As an email services provider, we give email copywriting a high priority because we understand the power of words in email best practices, from your From name to your email subject line to those first few words of text seen in the Preview Pane.
Recently when I saw a reference to something about doing email copywriting different for customers vs. prospects, I was intrigued. It has been in the back of my mind but I only just sat down to Google it. That wasn’t much help. But it did get me thinking…
Of course your email copywriting will be different for your customers than for your prospects. But I’m not sure it’s the copywriting itself as the delivery, and I don’t mean the email delivery that is the bane of every email marketer’s existence.
The email marketing directed at your existing customers should differ from the email marketing directed at your prospects, if you are segmenting and targeting at all. Remember that the customer already knows you, there is already a level of trust. Your email copywriting can skip that part of the email marketing process, trying to establish the relationship and trust. You have it already, assuming your product or service delivered on your email marketing promise.

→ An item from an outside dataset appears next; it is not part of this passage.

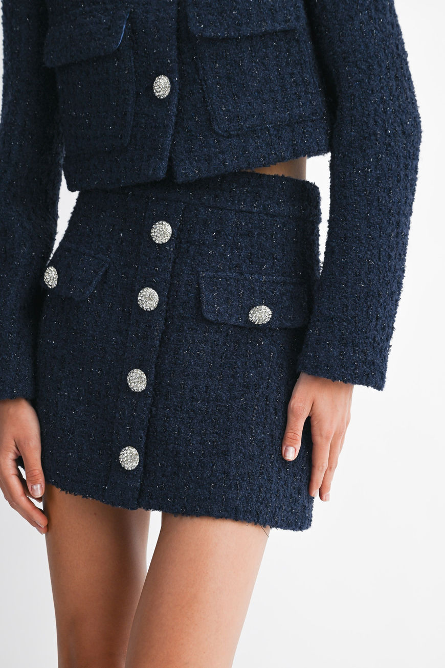 Rhinestone Button Lurex Tweed Jacket & Mini Skirt Set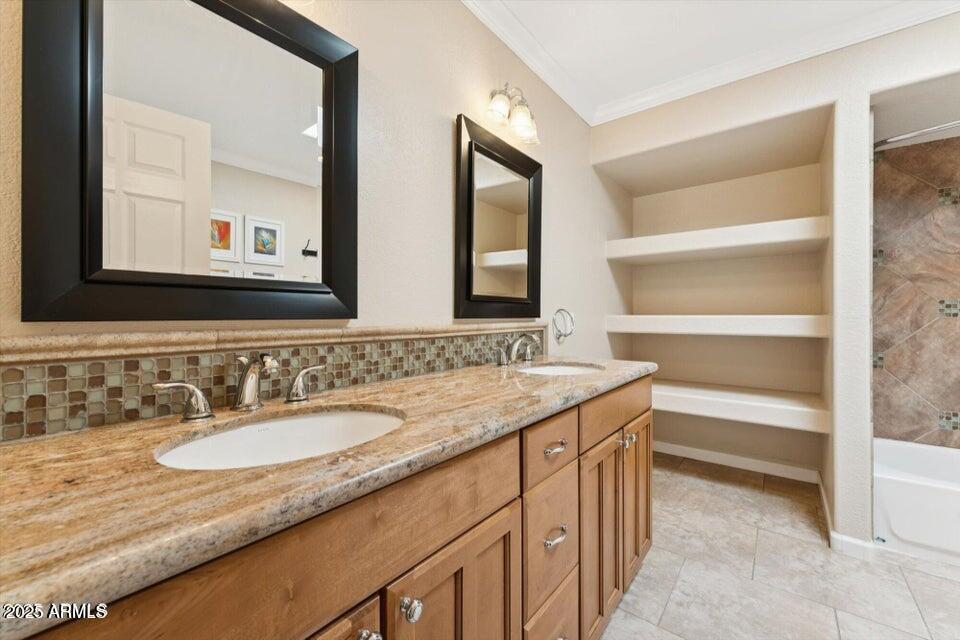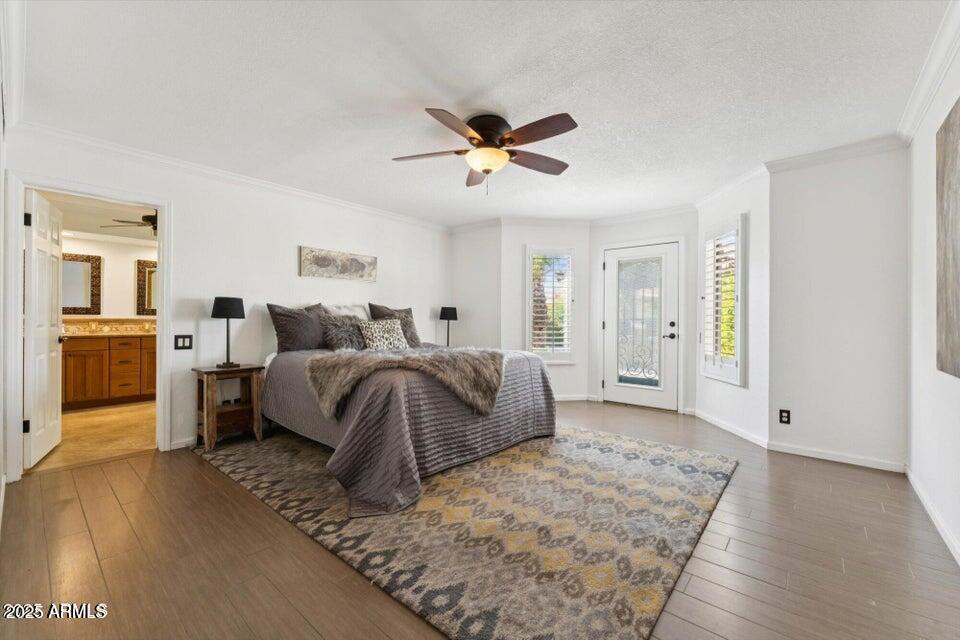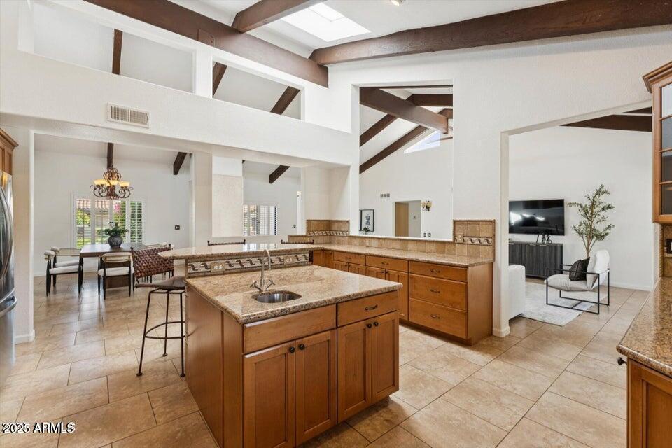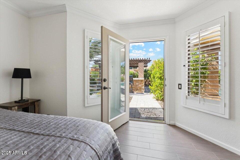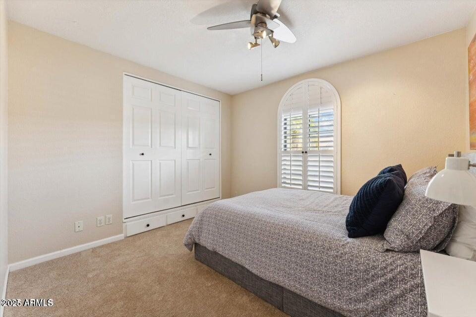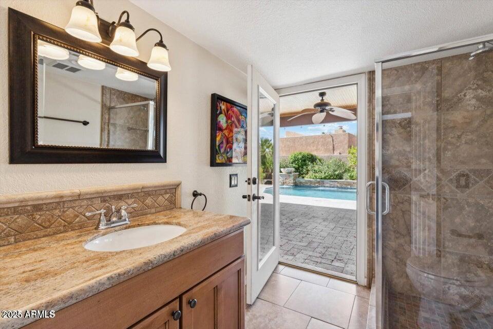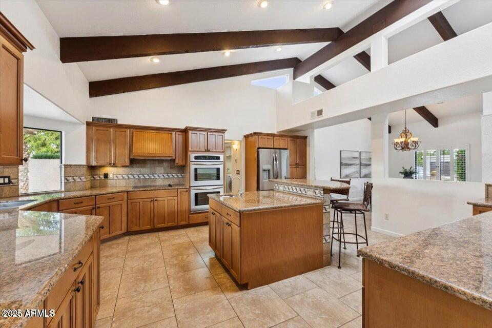 Timeless Spanish Colonial in the Heart of McCormick Ranch! This stunning 4-bedroom,3-bath home perfectly blends classic charm with modern comfort. The open great-room design features vaulted ceilings,a cozy fireplace,and a spacious kitchen with generous counter space. The split fourth bedroom with a full bath provides a private retreat for guests or a convenient home office. French doors lead to a resort-style backyard with lush mature landscaping,a Pebble Tec saltwater pool with water features,a covered patio,and an outdoor kitchen and dining area complete with a built-in BBQ. Owned solar panels,reduce APS costs by 80-90%. Additional upgrades include new HVAC units,a new electrical panel,freshly recoated foam roof,new skylights.

But it can also be delivered differently: as transactional emails that confirm an order, as follow up emails asking for reviews, as email newsletters that nurture the relationship, as specials for existing customers.
The email marketing directed at your prospects can’t assume that level of trust. Your email copywriting and email marketing process must take that into account. Your email subject line has to work harder to entice the prospect to open your email. Your email copywriting has to work harder to entice the prospect to trust you enough to take an action. And you might have to send several email marketing messages to get any email marketing results where an existing customer might respond right away.
Email copywriting for customers vs. email copywriting for prospects: Yes, there’s a difference, but part of your email marketing process must be figuring out not just what is send but how it is delivered too.